The Problem Before Normalization

Training deep networks in 2014 required careful initialization, very small learning rates, and extensive hyperparameter tuning. The root difficulty was that each layer's behavior depended heavily on the outputs of all previous layers — and those outputs were constantly changing as upstream parameters updated.

Consider what happens during a single gradient step: the optimizer updates parameters in every layer simultaneously. From layer $\ell$ 's perspective, not only do its own weights change, but the distribution of its inputs (the outputs of layer $\ell-1$ ) shifts too. Layer $\ell$ must then adapt to this new input distribution at the same time it is trying to minimize the loss. Every layer is trying to hit a moving target.

This is internal covariate shift: the distribution of each layer's activations changes continuously throughout training, in a way that is correlated with the parameter updates themselves.

Two Concrete Failure Modes

Saturated Activations

For sigmoid and tanh activations, inputs far from zero produce near-zero gradients. Without normalization, activations can drift into saturated regions as earlier layers update, killing gradient flow to downstream layers. The network effectively stops learning.

Scale Sensitivity

If the inputs to a layer have very different scales across features (e.g., feature 1 has mean 0, std 0.01 while feature 2 has mean 10, std 100), the loss landscape has very different curvature in different directions — shallow in some directions, steep in others. A single global learning rate performs poorly: it either undershoots in steep directions or diverges in shallow ones.

The Original Hypothesis: Covariate Shift Reduction

Ioffe & Szegedy (2015) introduced batch normalization with the hypothesis that its benefit came from reducing internal covariate shift — by normalizing layer inputs to zero mean and unit variance, each layer sees a more stable distribution and can optimize more effectively.

This is a compelling intuition and is still widely cited. However, subsequent work challenged whether covariate shift was actually the primary mechanism.

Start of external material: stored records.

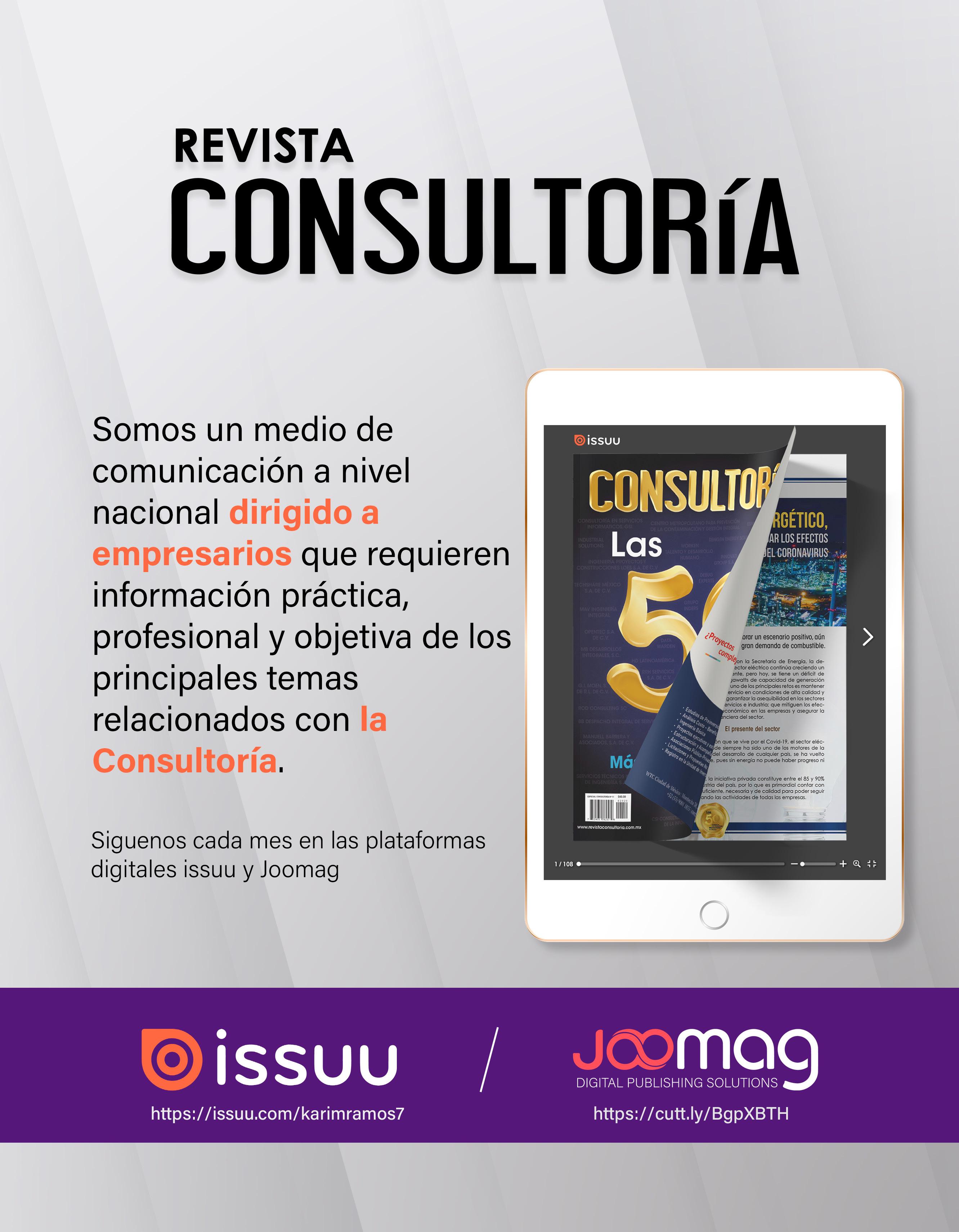 “CONSULTORÍA”, Año 13, Núm. 122, julio 2023, es una revista mensual. Editada por Héctor Ramos Romero. Domicilio de la publicación: Paseo de Los Cipreses #188 Col. Paseos de Taxqueña Alcaldía Coyoacán C.P. 04250 Ciudad de México. Reserva de Derechos al Uso Exclusivo No. 04-2013-053010005100-102, Número de Certificado de Licitud de Título y Contenido: No.15240. Los invitamos a seguir Revista Consultoría a través de los Formatos Digítales: Issuu y Joamag, así como en nuestras redes sociales. Distribución: Mensajería especializada. Todos los derechos reservados. Prohibida cualquier reproducción sin autorización expresa de los editores.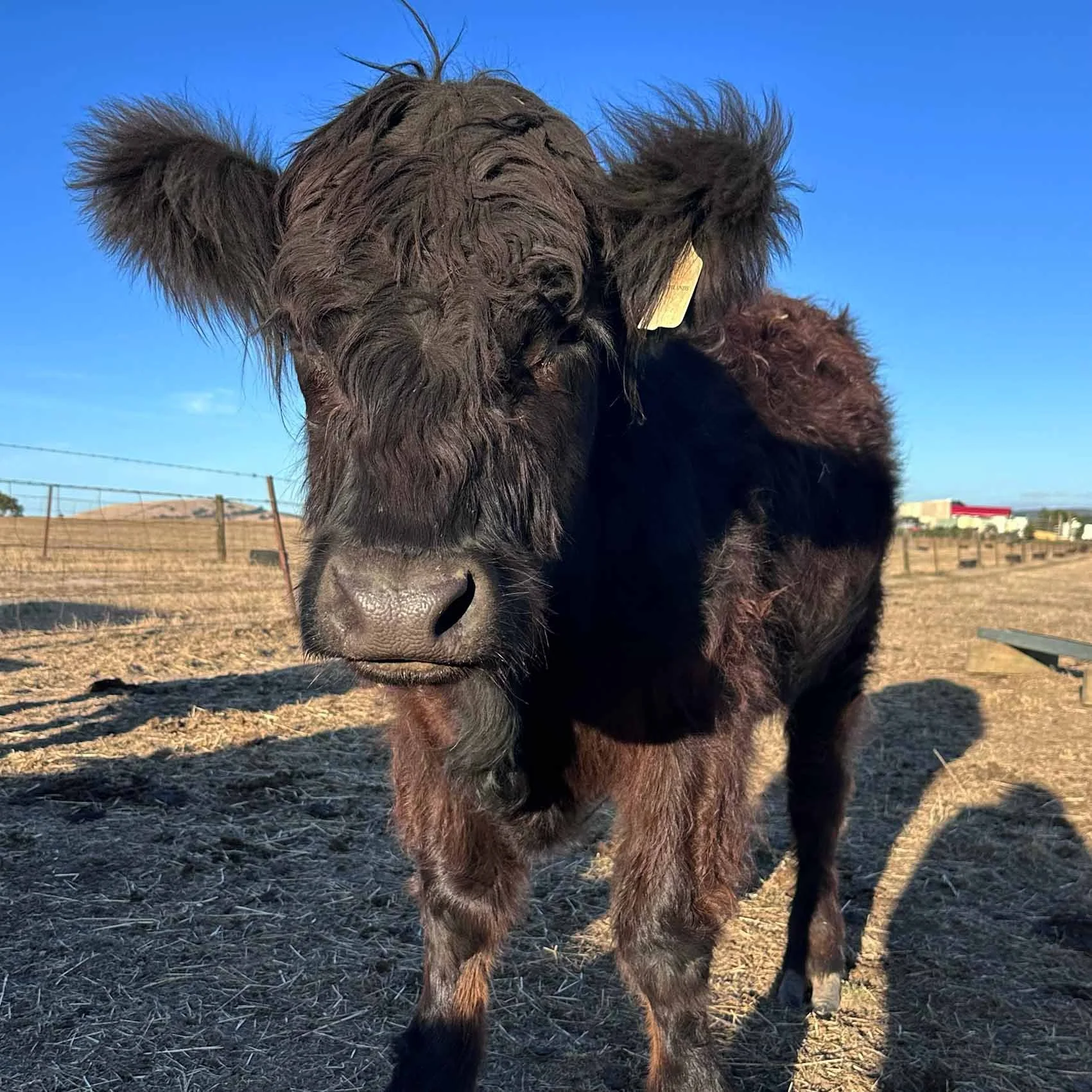 Gladstone is an incredibly friendly and affectionate black Highland steer — the kind of animal who will happily become your best mate. He loves a cuddle, enjoys human interaction, and has a relaxed, dopey charm that makes him a joy to have around. Gladstone would suit a lifestyle property or as a paddock pet for anyone wanting a steer with loads of character and a gentle nature. He’s a special little steer who is sure to steal your heart.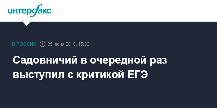 Москва. 25 июня. INTERFAX.RU - Ректор МГУ имени Ломоносова Виктор Садовничий в очередной раз критически отозвался о единых государственных экзаменах.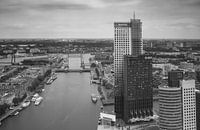 Skyline van Rotterdam met het Noordereiland en de Hef vanaf de Rotterdam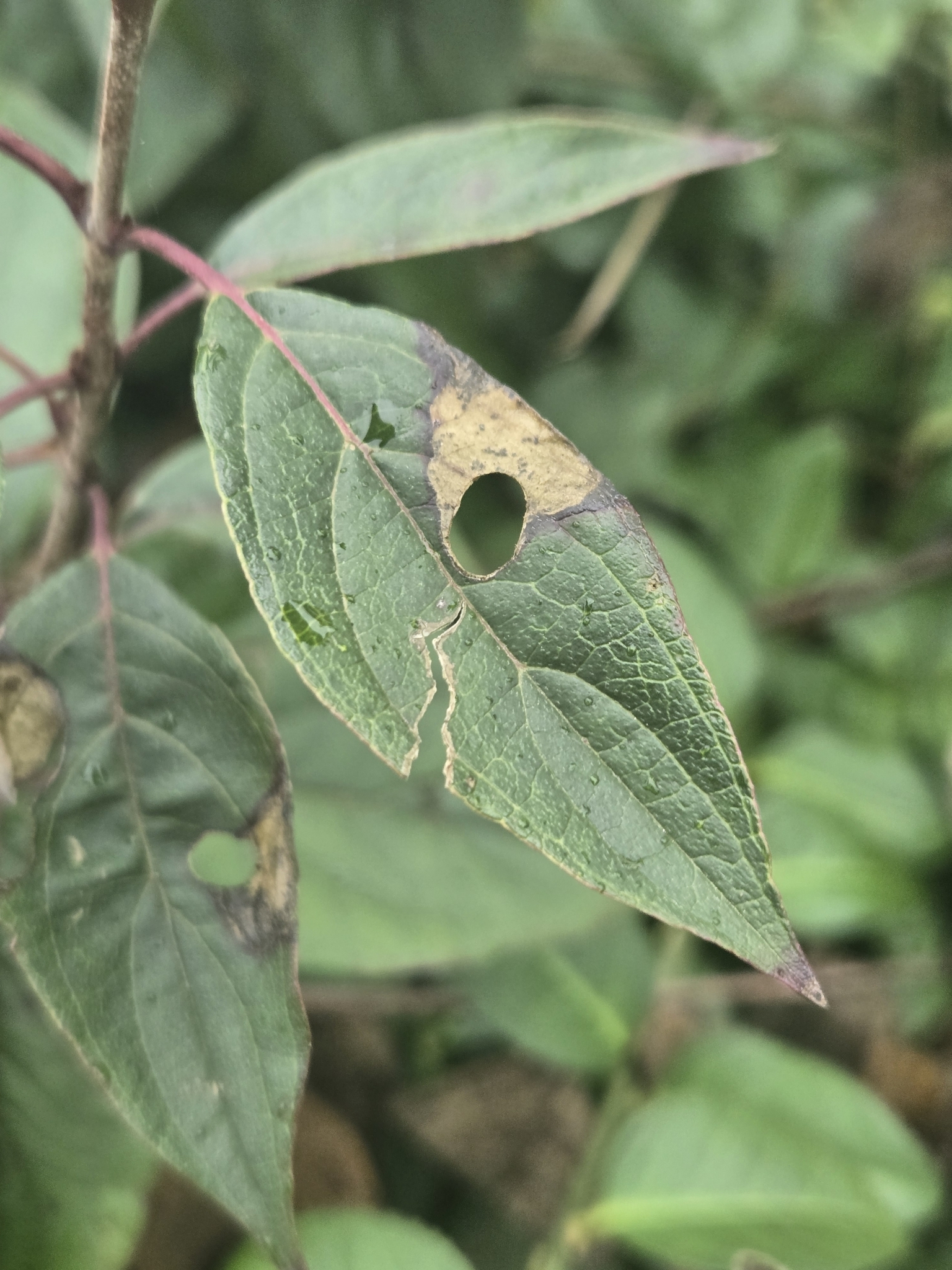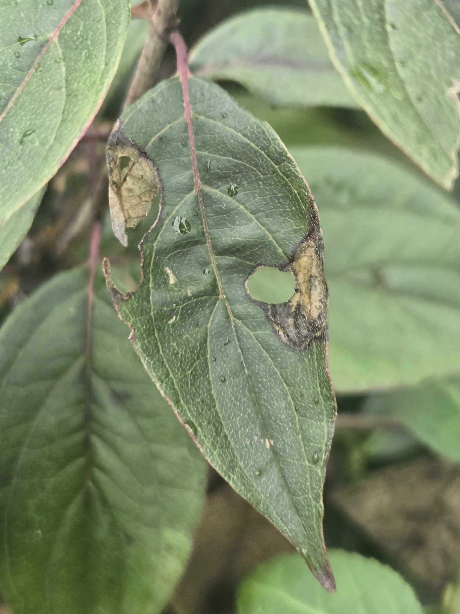 Antispila freemani | species | Cornus | genus | interactsWith | Animalia | Arthropoda | Insecta | Lepidoptera | Heliozelidae | Antispila | Plantae | Tracheophyta | Magnoliopsida | Cornales | Cornaceae | Cornus | 41.633651 | -80.149335 | 2024 | 10 | 13 | http://creativecommons.org/licenses/by-nc/4.0/ | https://www.inaturalist.org/observations/247171412 | |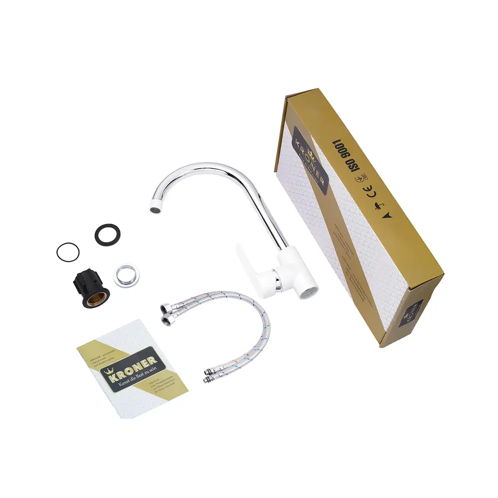 Кухонные смесители от KRONER – это немецкое качество, технология и надежность. Современный дизайн станет удачным дополнением интерьера кухни. Изготовление из качественных материалов, не поддающихся коррозии, легкость в сборке не доставит хлопот при монтаже и использовании. Имеют поворотное излияние и устанавливается на одно отверстие с подводом воды с помощью гибких шлангов М10х1/2". Шланги для подключения входят в комплект. Данная модель изготовлена из силумина.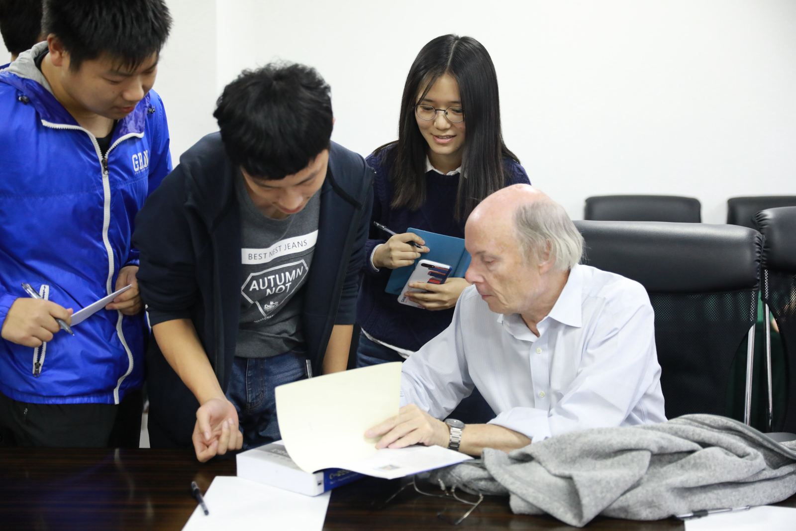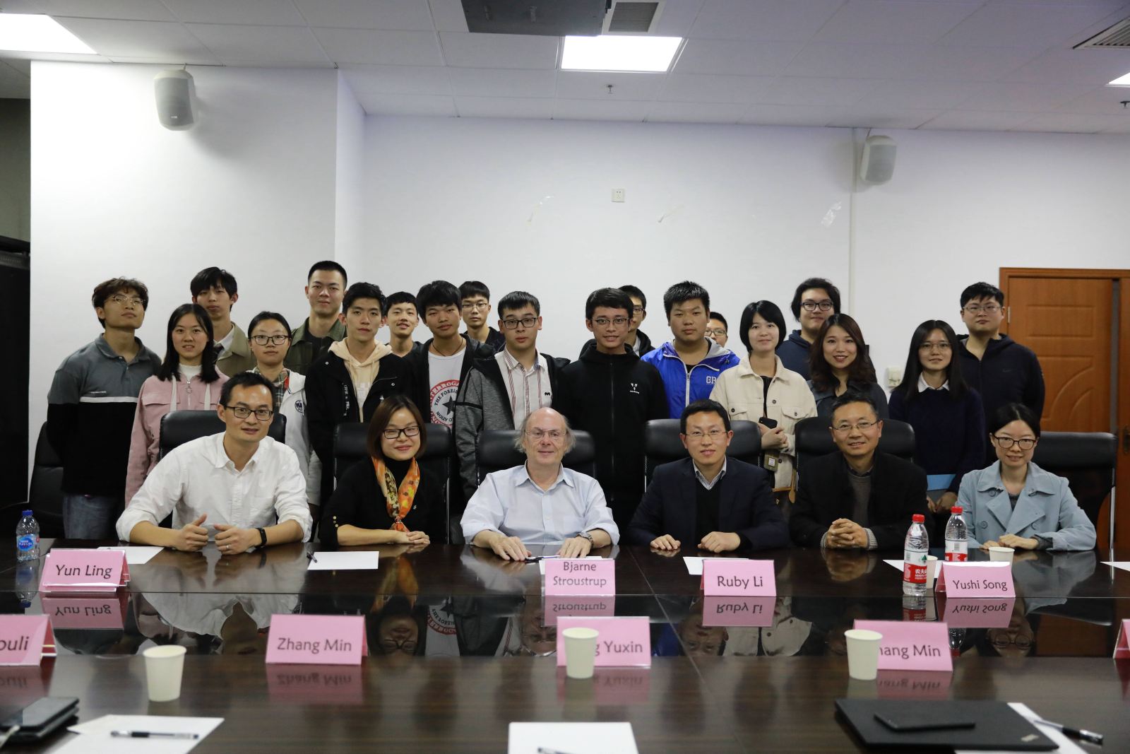 报告后,Stroustrup教授还与bat365中文官网入口的师生代表们进行了座谈,为师生们答疑解惑。面对小粉丝们签名、合影留言的愿望,Stroustrup教授也一一满足。本次与Stroustrup教授面对面,为学院师生们提供了与计算机行业顶尖学者面对面交流的机会,跟随大师概览了C++演变历程,使大家受益匪浅。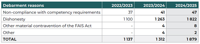 FSPs debarred 1 679 representatives during the reporting period, which was from 1 April 2024 to 31 March 2025. The FSCA said the upward trend “underscores the growing vigilance among FSPs in maintaining ethical standards and regulatory compliance within the financial services industry”.

The Revised View: Loss Landscape Smoothing

Santurkar et al. (2018) ran controlled experiments where they added random noise to the activations of a BatchNorm network — reintroducing covariate shift deliberately — and found the network still trained faster than a non-BN baseline. Covariate shift was not the key.

Their finding: BatchNorm makes the loss landscape smoother.

Formally, normalization reduces the Lipschitz constant of the loss and the β-smoothness of the gradients:

β-smooth gradient: $\|\nabla\mathcal{L}(\theta_1) - \nabla\mathcal{L}(\theta_2)\| \leq \beta\|\theta_1 - \theta_2\|$ — the gradient does not change too rapidly
Lipschitz loss: $|\mathcal{L}(\theta_1) - \mathcal{L}(\theta_2)| \leq L\|\theta_1 - \theta_2\|$ — the loss does not change too rapidly

A smoother loss surface has two direct practical benefits:

Larger learning rates are safe — a step in any direction from any point cannot encounter a sharp cliff or spike
Less sensitivity to initialization — the optimizer starts in a better-conditioned region regardless of where weights are initialized

This explains empirically why BN allows training with 10–30× larger learning rates than non-BN networks.

A Unified Map: Normalization Axes

Every normalization technique can be characterized by four dimensions:

Axis	Options
What is normalized	Activations (feature maps) vs. weights
Normalization dimension	Batch (across examples) vs. feature (across channels/dims) vs. spatial
Statistics scope	Global (batch) vs. per-example vs. per-group
Scale/shift parameters	Fixed (zero mean, unit variance) vs. learned (γ, β) vs. adaptive (predicted)

Mapped onto the major techniques:

Technique	Normalizes	Dimension	Statistics	Parameters
BatchNorm	Activations	Per-feature across batch	Batch	Learned γ, β
LayerNorm	Activations	Per-example across features	Per-example	Learned γ, β
InstanceNorm	Activations	Per-example per-channel	Per-example/channel	Learned or none
GroupNorm	Activations	Per-example, per group of channels	Per-group	Learned γ, β
RMSNorm	Activations	Per-example across features	Per-example (no mean)	Learned γ only
WeightNorm	Weights	Per-output-unit	Per-weight-vector	Learned g (scale)
SpectralNorm	Weights	Entire matrix	Per-matrix	None (constrained)
AdaIN	Activations	Per-example per-channel	Adaptive (from style)	Predicted

The subsequent readings examine each in depth.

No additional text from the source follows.